#aktualności
1.03.2014
Trener Smyła: Przepiękna bramka na otwarcie meczu
W pierwszym meczu kontrolnym nasi piłkarze pokonali BKS Bielsko Biała 2:1. Podopieczni Mirosława Smyły zdecydowanie lepiej prezentowali się w pierwszej połowie.W 12. minucie nasi piłkarze popisali się przepiękną akcją w angielskim stylu. Całość zaczął długim przerzutem Grzegorz Arłukowicz, piłka idealnie trafiła na prawe skrzydło do Marcina Sierczyńskiego, który bez zastanowienia popisał się ostrym dośrodkowaniem w pole karne, tam perfekcyjnie był ustawiony Wojciech Wojcieszyński, który wyszedł w powietrze w idealnym momencie i uderzył głową nie dając szans bramkarzowi gości.
W meczu bardzo dobrze prezentował się Mateusz Wrzesień, który w 38. minucie popisał się indywidualną akcją, wpadł w pole karne, mając na plecach dwóch zawodników, Łukasz Antczak postanowił sprawdzić wytrzymałość koszulki naszego zawodnika, szwy wytrzymały, jednak Wrzesień padł na murawę, a sędzia bez zastanowienia wskazał na 11. metr. Rzut karny na bramkę, pewnym strzałem, zamienił Rafał Jankowski. - W pierwszej połowie nasza gra w ofensywie momentami wyglądała dobrze. Doprowadzaliśmy do przewagi w bocznych sektorach, ładnie rozgrywaliśmy piłkę, tworzyliśmy sytuacje. Przepiękna bramka na otwarcie meczu, od początku do końca bardzo ładna akcja. Drugie trafienie konsekwencją indywidualnej akcji Września i faulu na nim. Martwi mnie ta nerwowość w drugiej połowie - mówił po meczu trener Mirosław Smyła. - Niepotrzebnie tak nerwowo grali, przez co były niepotrzebne problemy pod własną bramką. Musimy się szybko wyzbyć tego złego nawyku, gdyż w lidze przeciwnik może to wykorzystać - dodał szkoleniowiec.
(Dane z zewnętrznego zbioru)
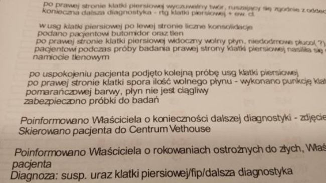 Wczoraj miał słabszy apetyt a dzisiaj rano drastycznie zaczęła mu spadać temperatura, poniżej 36 stopni. Natychmiast pojechał do lecznicy gdzie został poddany wstępnej diagnostyce, jednak ponieważ zaczął się u niego zbierać płyn w klatce piersiowej nieznanego pochodzenia i wystąpiła silna duszność musiałam go przewieźć na sygnale do lecznicy całodobowej. Tam trwa dalsza diagnostyka, zostało wykonane rtg, usg, zbadana krew ale nadal nie mamy przyczyny jego ciężkiego stanu.

Trener odniósł się również do ostatniego transferu Zagłębia. - Mateusz Wrzesień pokazał się z dobrej strony, dlatego do nas przyszedł i nie musieliśmy go poddawać żadnym testom. Znaliśmy jego wartość i interesowaliśmy się jego osobą od ponad miesiąca, chciał chłopak grać wyżej, dlatego spokojnie czekaliśmy. Pokazał, że ma duże umiejętności - przekazał szkoleniowiec, który martwi się zdrowiem naszego obrońcy. - Radek Kursa zszedł ze względu na jakiś problem z kolanem, źle upadł. Martwi mnie to, gdyż przetrenował cały okres, mamy nadzieję, że to nic poważnego - zakończył trener Smyła.
Zagłębie Sosnowiec - BKS Stal Bielsko-Biała 2:1 (2:1)
Bramki: 1:0 - Wojciech Wojcieszyński (11.), 2:0 - Rafał Jankowski (38. karny), 2:1 - Filip Wiśniewski (41.).
Zagłębie: Struski - Sierczyński, Grudniewski, Kursa (64. Jarczyk), Ninković - Grzesik (64. Tumicz), Arłukowicz, Matusiak, Wojcieszyński, Wrzesień - Jankowski (70. Kaliciak).